My reaction to “Sex on Campus” was strong and immediate. Convinced that statements like A’s signaled Millennials' devaluing of intimacy, I wanted to shout, “Hey, the lessons learned in a relationship are just as significant as the ones learned in a classroom, club, or internship!” I wasn’t the only one. 24 hours after Taylor’s piece ran, Conor Friedersdorf at The Atlantic similarly countered the UPenn women’s view of relationships as obstacles to “unencumbered striving.” Friedersdorf’s detailing of the various lessons learned in sustained, romantic relationships is heartfelt and valid. But did it need to be written at all?
I’ve certainly begun to question my initial response — why did I take a few women’s temporary preference for casual sex as evidence that Millennials, in general, are emotionally callous? Why does Taylor seem to structure her article in support of such a conclusion? After all, there’s no indication that A and respondents like her are emotionally disinterested, they’re merely saying college isn’t the right time for them to be in a relationship. Fair enough. We’ve all felt that way at certain points in life. Would we think intimacy itself were in jeopardy if a male student expressed this opinion? Hardly.
Our culture casts heterosexual women as bastions of sexual order. Just look at the recent Iowa case where a woman was denied wrongful termination after her employer fired her for being to "attractive," and hence, a threat to his marriage. Men will be men; their promiscuity is a given. Women are responsible for that promiscuity, either to refuse it, or provide the emotional impetus that transforms sexual attraction into stable relationships. This explains why campus hook-up exposés always fixate on the experiences of straight women, ignoring those of heterosexual male or gay students. Straight women’s participation in hook-up culture is what challenges our preconceived beliefs. When reading Taylor’s article, some of us may be tempted to see the choice of a few women eschewing college relationships as indicative that intimacy in general is in trouble because we're inclined to think of women as the initiators and regulators of meaningful relationships.
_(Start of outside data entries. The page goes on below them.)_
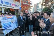 전남투데이 정홍균 기자 | 김민석 국무총리는 11월 26일 광주광역시 서구 동천동을 방문하여 지역 골목상권 활성화를 위해 추진 중인 ‘골목경제119 프로젝트’ 추진 현황을 점검하고, 골목주민・소상공인의 현장 목소리를 청취했다. ‘골목경제119 프로젝트’는 지난 11월 7일에 열린 참좋은지방정부협의회 주관의 ‘참좋은지방자치 정책대회’에서 국무총리상을 수상한 정책으로,광주 서구는 구 전역 18개 동을 골목형 상점가로 지정하고, 관내 온누리상품권 가맹점을 대폭 확대하여 주민들이 일상 소비에서 온누리상품권을 폭넓게 활용할 수 있도록 지원해왔다. 김 총리는 동천동 골목상권 입구에서 김이강 서구청장으로부터 ‘골목경제119 프로젝트’ 추진 현황과 성과 등을 보고받고, 이어서 동천동 골목상권 내 과일가게, 카페, 분식집 등을 방문하여, 온누리상품권으로 상품을 구매하면서 상점주인 및 주민들과 대화를 나눴다. 김 총리는 현장에서 민생의 기초인 골목이 살아나야한다고 강조하며, 지역화폐와 온누리상품권의 장점이 잘 조합되어 우리 민생 경제가 살 수 있도록 최선을 다하겠다고 말했다.
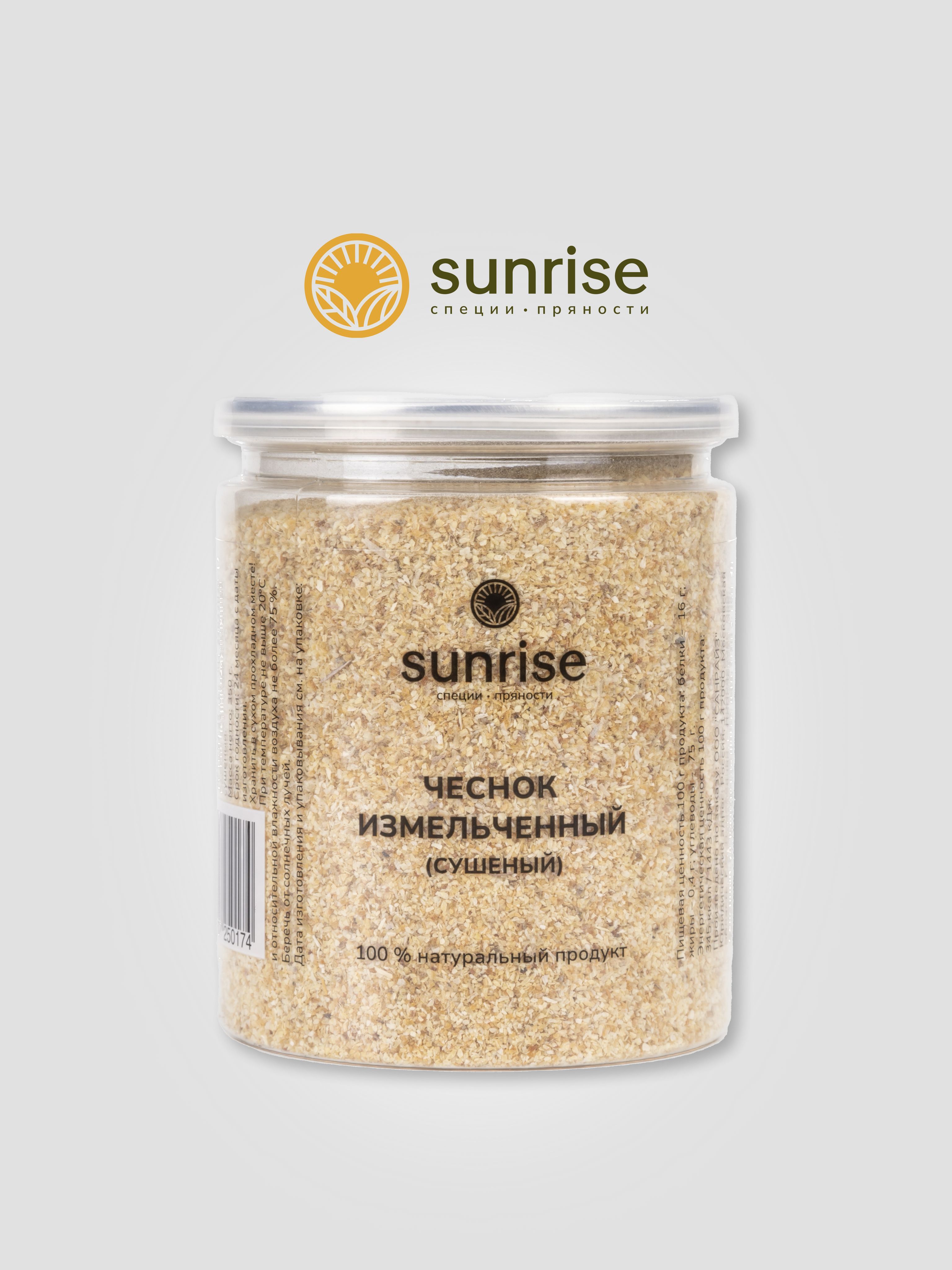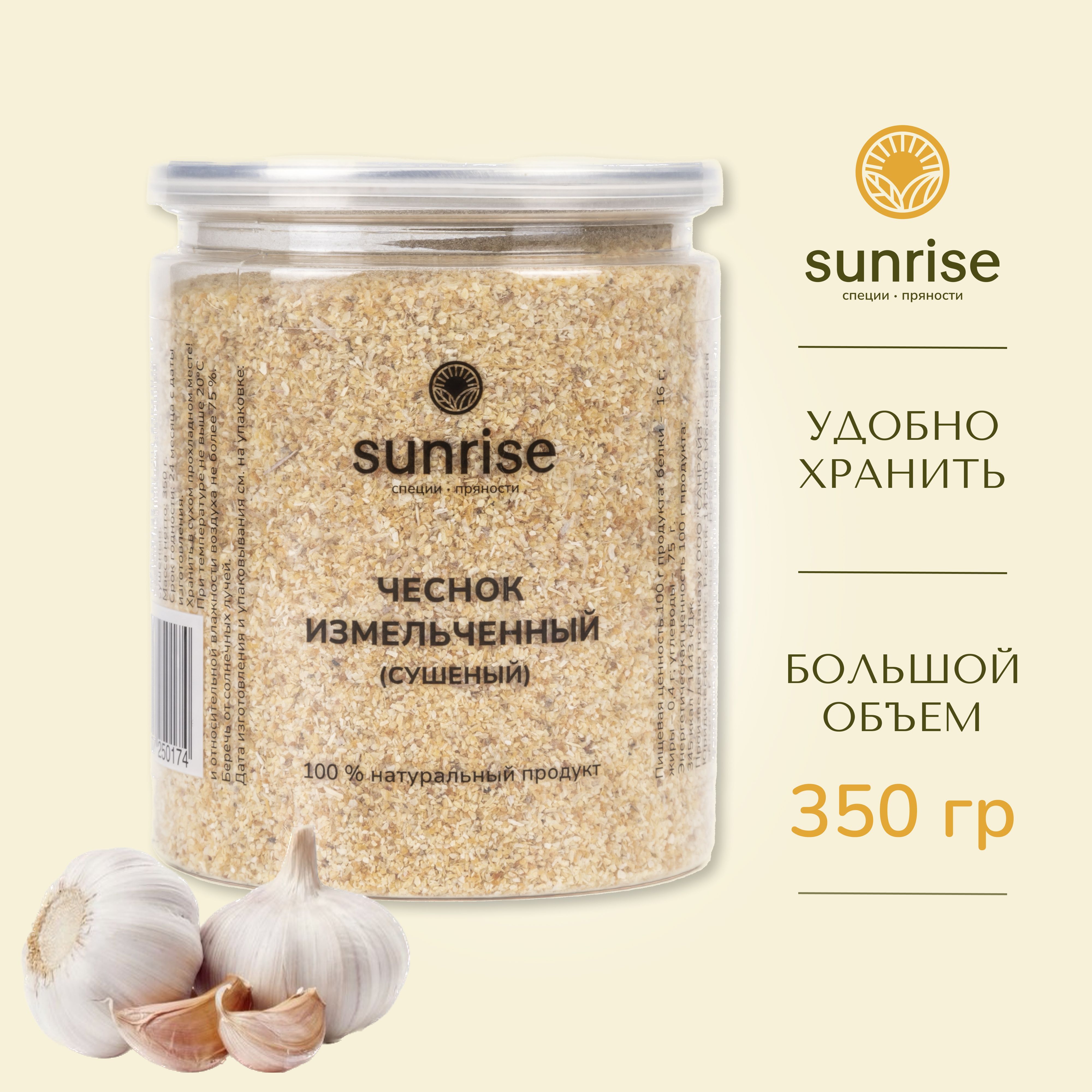 Чеснок Sunrise spices изготовлен из отборных зубчиков чеснока, которые были высушены и измельчены до состояния порошка. Это позволяет сохранить все полезные свойства чеснока и использовать его в различных рецептах.
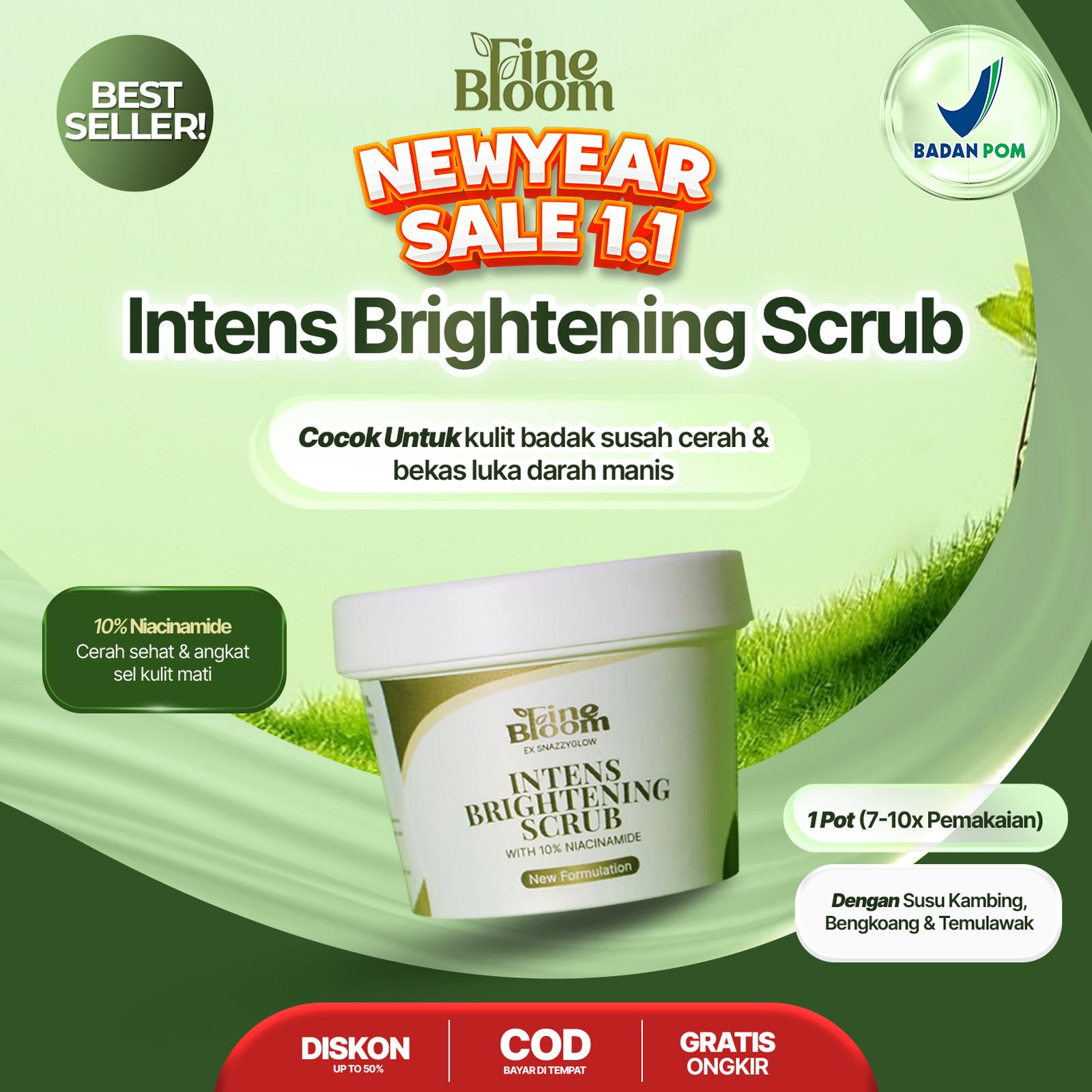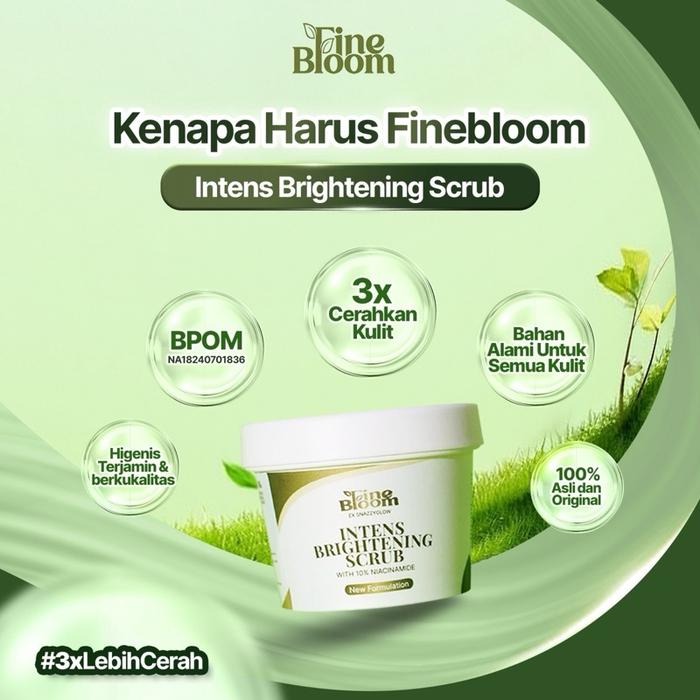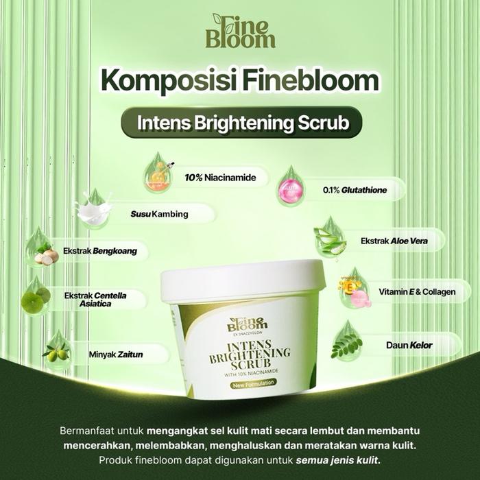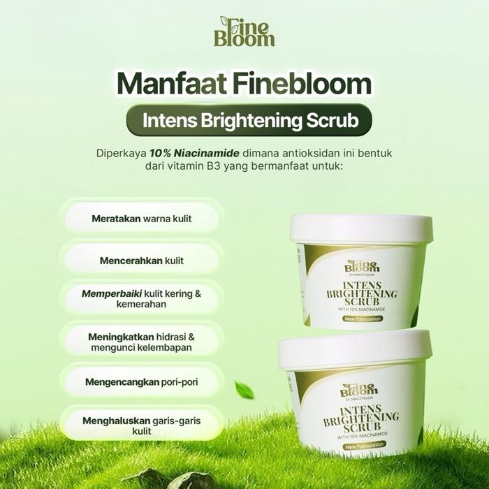 Wujudkan Kulit Cerah, Lembap, dan Sehat Secara Alami! Finebloom Intens Brightening Scrub adalah solusi perawatan tubuh terbaik yang diformulasikan khusus dengan 10% Niacinamide untuk mengeksfoliasi dan mencerahkan kulit tangan, kaki, dan seluruh badan. Aman bahkan untuk kulit sensitif.
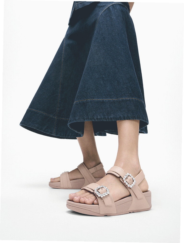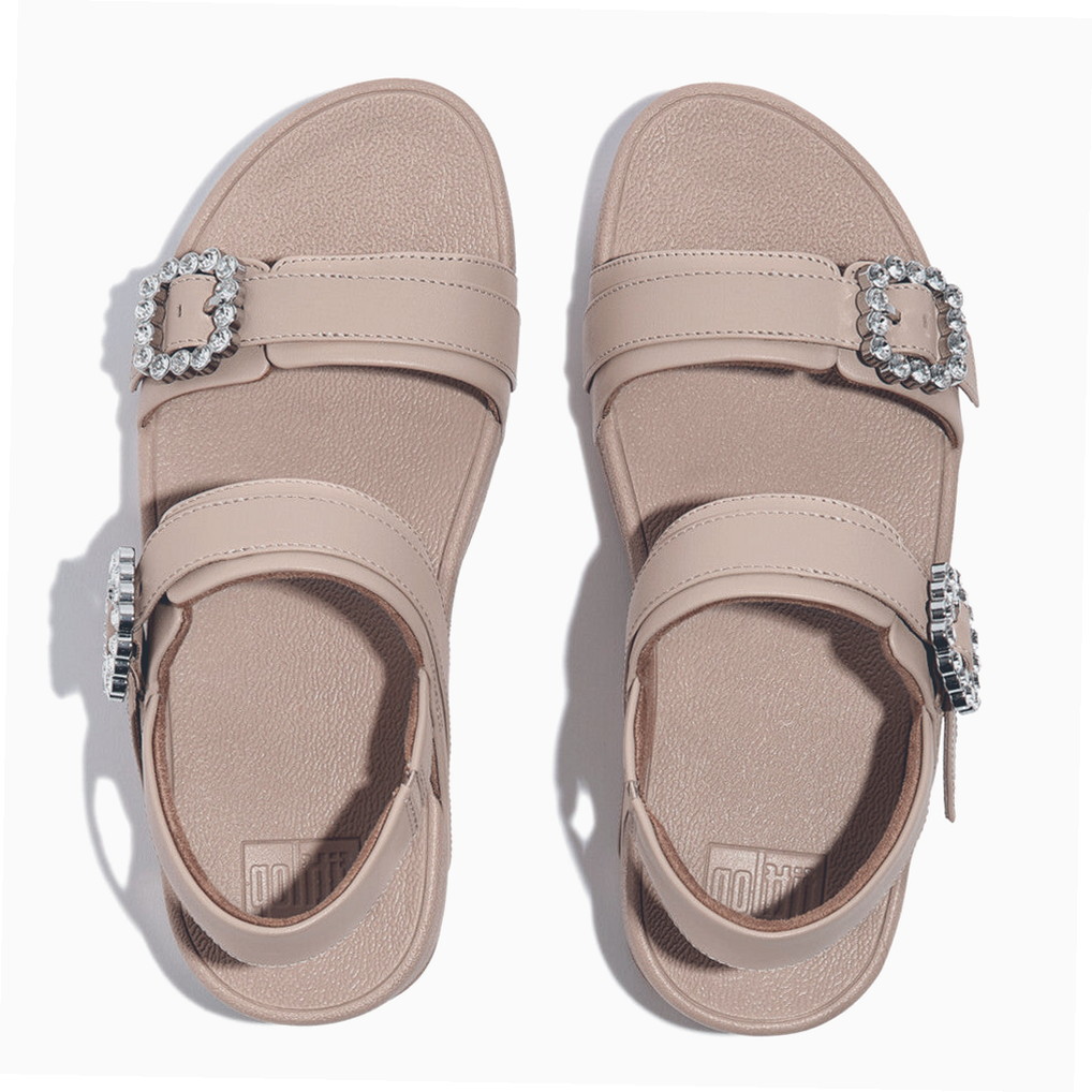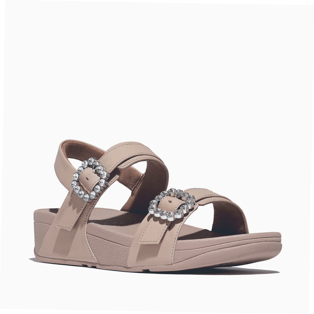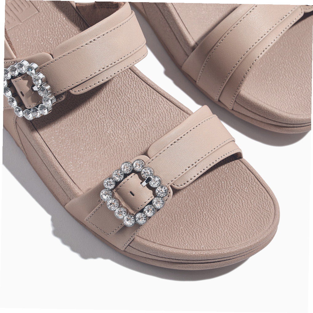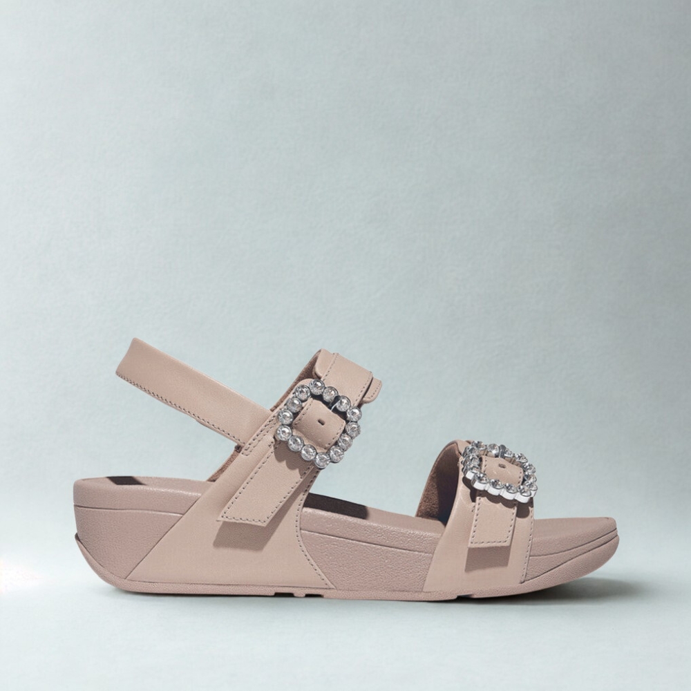 Women’s Lulu Crystal-Buckle Leather Back-Strap Sandals
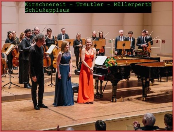 Abschliessend spielten alle drei Pianisten mit dem Orchester Mozarts Konzert für drei Klaviere und Orchester in F-Dur KV 242. Hier übernahm Matthias Kirschnereit bescheiden das dritte Klavier, dessen Partie Mozart technisch einfacher gestaltet hat. Ältere Konzertbesucher – dazu zählte die Mehrzahl – erinnerten sich wohl, daß es deshalb in den 80-er Jahren Kanzler Schmidt (dafür grosse Hochachtung!)zusammen mit Christoph Eschenbach, Justus Frantz und dem London Symphony Orchestra einspielen konnte. Auch in den beiden anderen Solo-Partien waren die Anforderungen nicht so groß wie im Konzert für zwei Klaviere.. Da Magdalena Müllerperth am ersten und Annika Treutler am zweiten Klavier jetzt auch sichtlich und hörbar gelöster wirkten, erfreute man sich am munteren abwechselnden Spiel im ersten Satz, dem etwas lyrischeren zweiten und dem tänzerischen Menuett – Tempo im dritten Satz.
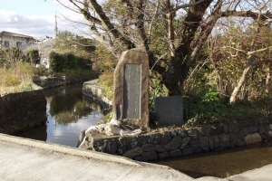 ![]() | 【第8回】 竹内八郎歌碑 善福寺から100メートルほど行くと、藍場川が小さな溝と分流する地点があります。ここには大きな桜の木があり、その下に竹内八郎の歌碑が建っています。この歌碑には、「家ごとに池を構えて水を引き朝夕清き藍場川流る」と、藍場川の情景が歌われています。今でも藍場川沿いの家々には、藍場川から水を引き入れた池のある庭が見られます。藍場川の水を利用して生活に潤いを求めた、先人たちの知恵がうかがえます。なお、竹内八郎は浜崎町に生まれ、萩に在住した歌人です。山口県内外の歌会の選者として活躍し、『あらつち』の主管として短歌誌の発展に尽力しました。この歌は昭和41年(1966)の作で、歌碑は昭和48年に建立されましたが、その翌年八郎は74歳で亡くなりました。![]() ところで、ここの桜の木の下には木製の涼み台とベンチが置かれ、藍場川がもたらす風の匂いを感じさせる、恰好の涼み場所となっていました。また、川の中には、ホタルの幼虫の餌になるカワニナが生息しています。かつては、季節になるとホタルがたくさん飛び交っていたということで、ホタル狩りで藍場川沿いを大勢の人が散策していたそうです。しかし今では、ホタルは数える程しか富んでいないそうです。カワニナだけでなく、昭和30年代まではシジミも数多く生息していたそうで、食料として1年中とることができたということです。さらに、ウナギをとったり、アユやテナガエビや海から上ってきたボラを網ですくったりすることもできたそうです。藍場川は多くの魚たちの生息場所ともなっていましたので、英語で「魚とりの大様」と称された宝石のように華麗な水鳥、カワセミが頻繁に飛んで来ていたそうです。 このように自然環境に恵まれた藍場川では、子供たちが泳いだりする光景が普通に見られ、水と親しむ遊びの空間でもありました。 (市報はぎ1996年11月15日号掲載)

Halfway through a response championing the benefits of long-term relationships, I removed my hands from the keyboard and took a breath. My Millennial friends and I valued emotional connection in college, and having a boyfriend was just one of many ways to experience intimacy. When digesting the Times latest hook-up culture article, some may also need to be reminded: Breathe. Society as we know it is not eroding beneath us because some of us have casual sex.